The Evidence Portal

Community Strengthening Evidence Review

  • Strong community wellbeing is critically important for helping children, young people and families thrive, especially when they are experiencing, or at risk of experiencing, vulnerability.
  • The Centre for Social Impact at the University of NSW conducted an evidence review on: What community engagement or community development theories, practices, and activities have been found to contribute to community wellbeing for vulnerable children, young people and families?
  • The review identified five critical elements that are common across the evidence:
    • Inclusive and genuine co-design and partnership: Building authentic partnerships with community that work towards community ownership while also ensuring that the diverse voices of that community are represented.
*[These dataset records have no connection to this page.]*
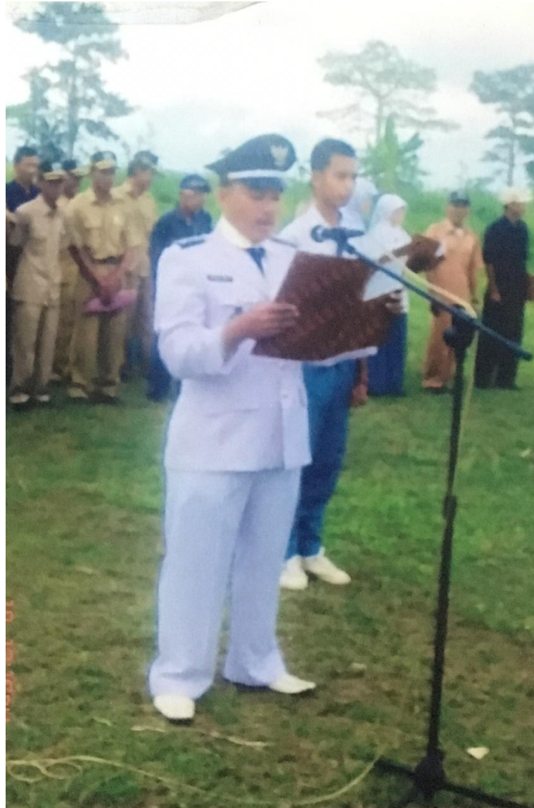
Gambar 2.1 kepala Desa Arisan Musi Timur Periode 2009-2014

Sumber: mantan Kepala Desa Arisan Musi Timur priode 1
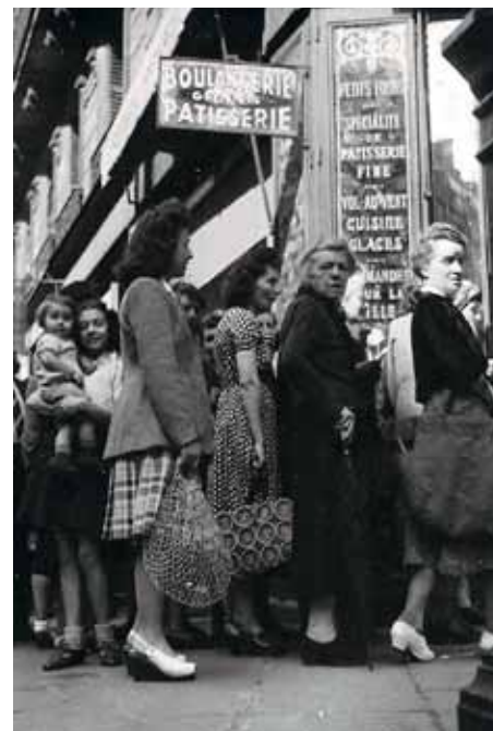
File d'attente devant une boulangerie pendant l'Occupation, 1944, D38Z 5.

Vivre à Paris sous l'Occupation, 1940-1944
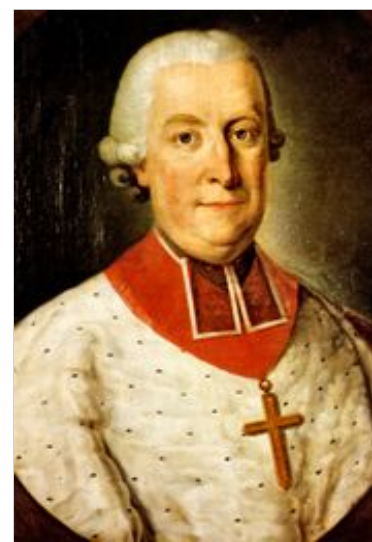
François-Charles de Velbruck (1772-1784) fait rénover l'angle nord-ouest et édifier le pavillon de droite --- autour de 1780
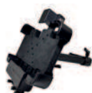
E10B socle véhicule avec key lock, Ethernet, DC jack, 2 USB, RS232 DB9, kit fixation AT-CAE1011B AT-CAE1011B1
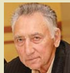
СЕРГІЙ ШИШОВ, голова Профспілки працівників енергетики та електротехнічної промисловості України:

«Сьогодні машинобудування, як і вся Україна, перебуває у вкрай важкому стані. Вам відомо, що частина підприємств галузі була орієнтована на експорт до Росії, а тепер доводиться шукати шляхи, аби переорієнтувати виробництво. Також маємо неабияку проблему з виплатою зарплат, їх суттєвим скороченням. Неможливо вирішувати питання виключно за рахунок трудящих – потрібен зважений підхід, а не наступ на фонди соціального страхування і соціальні гарантії. Але життя в Україні триває, і я сподіваюсь, що все буде добре».
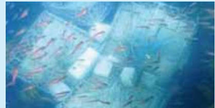
漁礁ブロックにつく魚
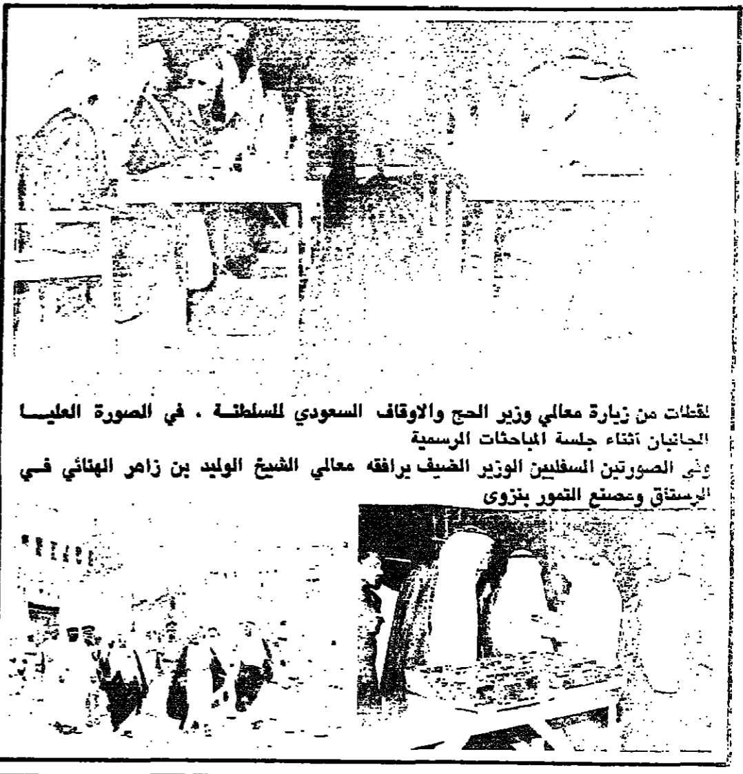
لقطات من زيارة معالي وزير الحج والوقاف السعودي للسلطنة . في الصورة العليا الجانبان أثناء جلسة المباحثات الرسمية وفي الصورتين السفليتين الوزير الضيف يرافقه معالي الشيخ الوليد بن زاهر الهنائي في الاستقبال ومصنع التصوير بنزوى

تودلبي - ١٠ - ١٠ - أكد الرئيس السوري حافظ الاسد ان التوصل الى سلام عادل في الشرق الاوسط لن يتم الا بانسحاب اسرائيل من جميع الاراضي العربية التي احتلتها عام ١٩٦٧ والاعتراف بحقوق الشعب الفلسطيني واقامة دولة لهم في اراضيهم وانهاء حالة الحروب في المنطقة وقال في مؤتمر صحفي عقده امس الاول في نيودلهي ان محادثاته مع رئيس الوزراء الهندي مورجاي نيساي والمسؤولين في نيودلهي كانت مثمرة ومفيدة ونكر الرئيس السوري ان سورية والهند قد وقعتا اتفاقية اقتصادية تهدف الى دعم التجارة بين البلدين ومن المقرر ان يختتم الاسد زيارته لنيودلهي - غدا -
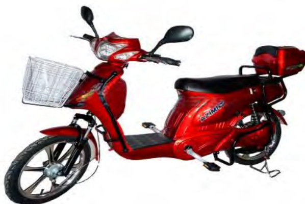
Рис. 3. Електроскутер AZIMUT FLH 001*

водію безпечно і комфортно пересуватися вулицями міських і сільських населених пунктів. Цей транспортний засіб, згідно з даними виробника, здатний комфортно перевозити масу в 130 кг (водія і пасажир). В цьому електроскутері використовуються кислотно-свинцеві акумулятори, недоліком яких є великі габарити і маса, довша тривалість зарядки та невелика циклічність зарядів. Вартість цього електроскутера станом на 1 вересня 2015 року в Інтернет-магазині «Мототехніка» становила 11 750 грн [5].
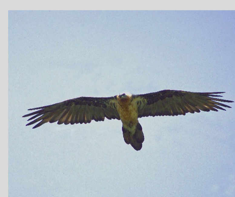
Abb. 4: Altvogel
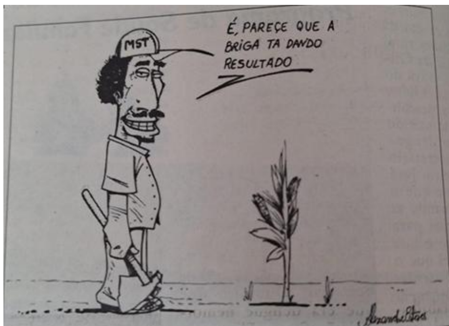
Figura 1: Charge de Alexandre Esteves publicada em 22 de abril de 2005, edição Nº 570.

    • Leveraging strengths and building capacity: Initiatives that are both strengths-based and actively building community capacity.
    • Creating safe and effective spaces: Spaces that are safe and accessible to everyone to allow for the effective engagement of diverse community members.
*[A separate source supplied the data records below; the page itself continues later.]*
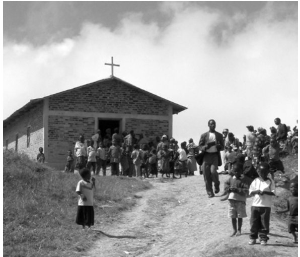
Kirche in Tansania

Wir beschäftigen uns als Familie natürlich bis jetzt mit der Frage: Und wohin? Eines ist aber sicher: Wir fliegen nach Moshi, am Kilimandscharo, 2000 Meter hoch am Berg, wo die Eltern wohnen. Da haben wir auch eine Wohnung. Arbeiten werde ich vielleicht auch dort. Zwei Pfarrstellen stehen bis jetzt im Blick, wo ich eingesetzt werden könnte. Bald wird bestätigt werden, welche Stelle ich übernehmen darf. Froh sind wir natürlich sehr, dass unsere Kirche in
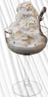
SORBETTO AL LIMONE € 4. 50
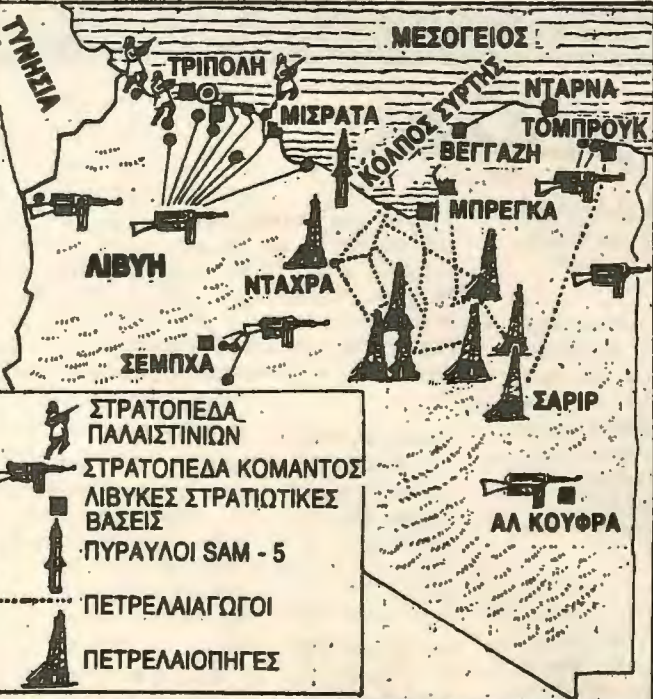
Χάρτης της Λιβύης με τις πετρελαιοπηγές και τους στρατιωτικούς στόχους

μορφωμένα με πιο έντονη στρατιωτική δράση τύπου Ρώμης και Βιέννης, αντι για αναπροσανατολισμό στις μεθόδους της μαζικής δουλειάς στις κατεχόμενες περιοχές, στην Ανατολική όχθη, και μέσα στο ίδιο το Ισραήλ. Κανένας Ισραηλινός εργάτης δεν μπορεί να υπο-
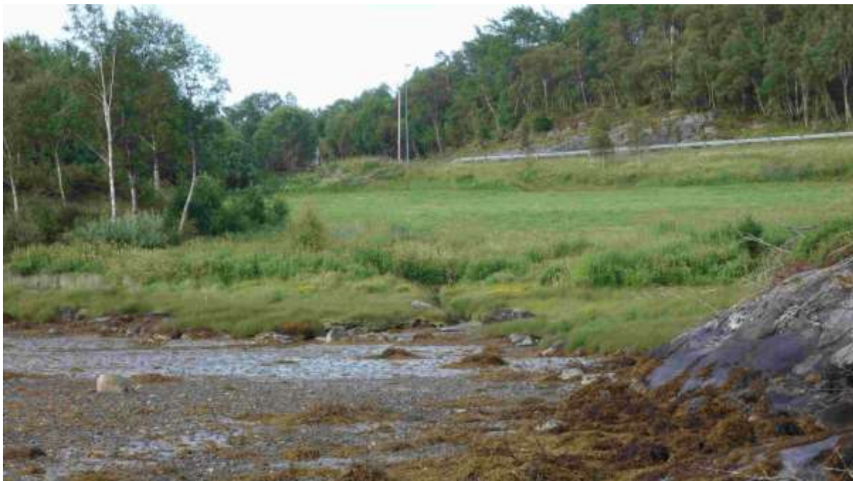
Figur 19. Biletet viser ein liten del av lokaliteten i aust.

    • Intersectional and safe approaches: Incorporating an understanding of how the different aspects of a person's identity (e.g. gender, ethnicity, disability) can expose them to overlapping and intersecting forms of discrimination and marginalisation to allow for the delivery of a more integrated, safe and holistic suite of services.
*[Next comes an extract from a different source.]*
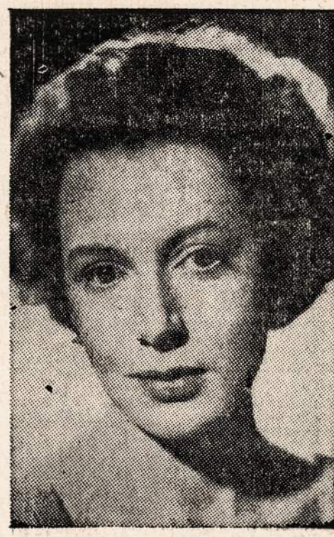
Deborah Kerr M-G-M Star

Kasdien vis daugiau išvyksta į darbus — būreliai vyrų ir moterų. Moterys daugiausiai vyksta į ligonines ir tekstilės fabrikus, vyrai — į žemės ūkį.
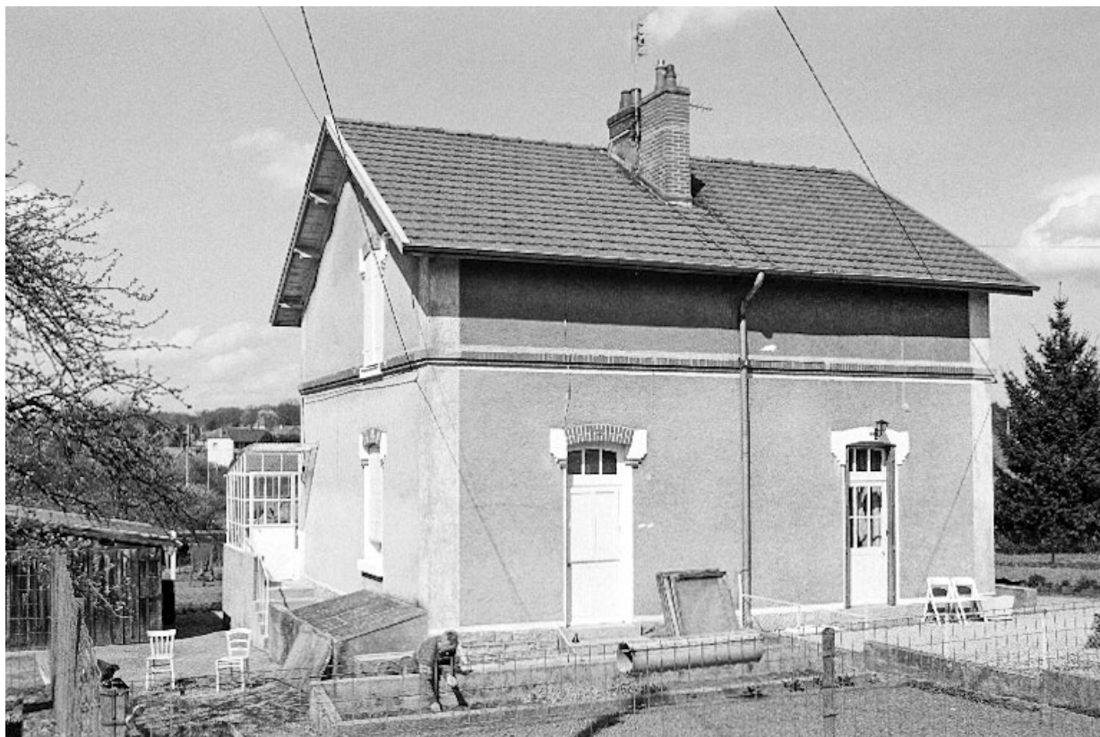
Bâtiment à 2 logements " type 8 ", 1938-1939.

    • A whole system approach: Interventions that are part of a whole system approach that inter-connects multiple community cohorts and agencies.
  • See the Evidence to Action Note (PDF, 716.1 KB) and the full report (PDF, 1.4 MB) for more information about the evidence review.

Considerations

  • The concepts of “community wellbeing”, “community development” and “community engagement” are variously defined and measured in the literature. This review uses definitions that closely align with these concepts in the context of children, young people and families.
  • Community strengthening practices are often characterised by non-standardised interventions of a qualitative nature which may limit the ability to make authoritative claims about the success of such practices. The review also incorporated practice-based knowledge identified through stakeholder submissions.  However, the purpose was to ensure a broad, inclusive strength-based approach to the study designs captured as part of the review.
  • Whilst the thematic analysis of extracted data involved a subjective element from the research team, the critical elements distilled from the findings are rich and insightful and are common across the evidence.
  • It is probable that there may be additional effective interventions that operate to improve community wellbeing for vulnerable children, families and communities but which have not yet been evaluated or identified through this evidence review.
  • The evidence review draws on the best available research evidence that was available within these parameters as a starting point.  However, as noted in the conclusion to the report, additional work is needed to expand on this, including further evaluating the quality of the evidence and identifying what further evaluations need to take place.